3. The method as claimed in claim 1, wherein the matching comprises transformations of the object model instances (105 a-c) that take into account said predetermined information regarding how the imaged object instances (103 a-c) relate to each other in the image (101).

4. The method as claimed in claim 3, wherein said predetermined information that is taken into account by said transformations comprises that the imaged object instances (103 a-c) have the same one or more dimensions in the image (101) and/or have the same rotation in the image (101) and/or have a predefined rotation in the image (101) in relation to one or more closest neighboring imaged object instances in the image (101) and/or have the same shape in the image (101).

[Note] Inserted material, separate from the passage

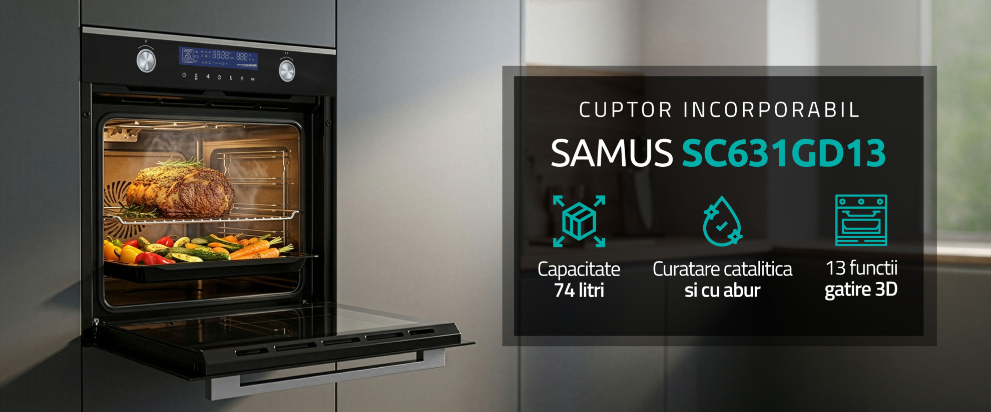 Aduci o nota de eleganta in bucatarie si, in acelasi timp, gasesti ajutorul perfect pentru a prepara cele mai delicioase mese pentru tine si cei dragi cu ajutorul cuptorului incorporabil Samus. Avand un design modern, caracterizat prin note elegante si utilizare intuitiva, acesta este dotat cu cele mai noi si utile tehnologii, capabile sa transforme orice reteta intr-un festin culinar.

5. The method as claimed in claim 1, wherein the matching comprises minimizing a total cost or maximizing a total score, said total cost or total score comprising a first cost or score, provided by a first function, regarding distance between predefined object model features and corresponding object features identified in the image to be closest to said predefined object model features of respective object model instance (105 a;b;c), wherein said total cost or total score further comprises one or more second costs or scores provided by one or more second functions regarding deviation from how the imaged object instances (103 a-c) relate to each other in the image (101) according to said predetermined information.

6. The method as claimed in claim 1, wherein said matching is a second matching step and said hypothetical transforms of the object model instances (105 a-c) are result from a preceding first matching step that has been performed and resulted in said hypothetical transforms of the object model instances (105 a-c).

7. A device for matching of object model instances (105 a-c) with imaged object instances (103 a-c) in an image (101), said object model instances (105 a-c) being instances of an object model (105) of an object, wherein said matching starts from the object model instances (105 a-c) having hypothetical transforms, respectively, in the image (101) for matching with the imaged object instances (103 a-c), and wherein said matching is based on transforming respective object model instance (105 a;b;c) to more accurately match with respective object instance (103 a;b;c) in the image (101), wherein said one or more devices are configured to:

obtain predetermined information regarding how the imaged object instances (103 a-c) relate to each other in the image (101) in addition to what said object model (105) as such discloses about respective imaged object instance (103 a;b;c) in the image (101); and

perform said matching using said obtained predetermined information.

8. A non-transitory computer program (403) comprising instructions that when executed by one or more processors (404) causes one or more devices (400) as claimed in claim 7 to perform the method according to claim 1.

9. A carrier comprising the non-transitory computer program (403) according to claim 8, wherein the carrier is one of an electronic signal, optical signal, radio signal or computer readable storage medium (501).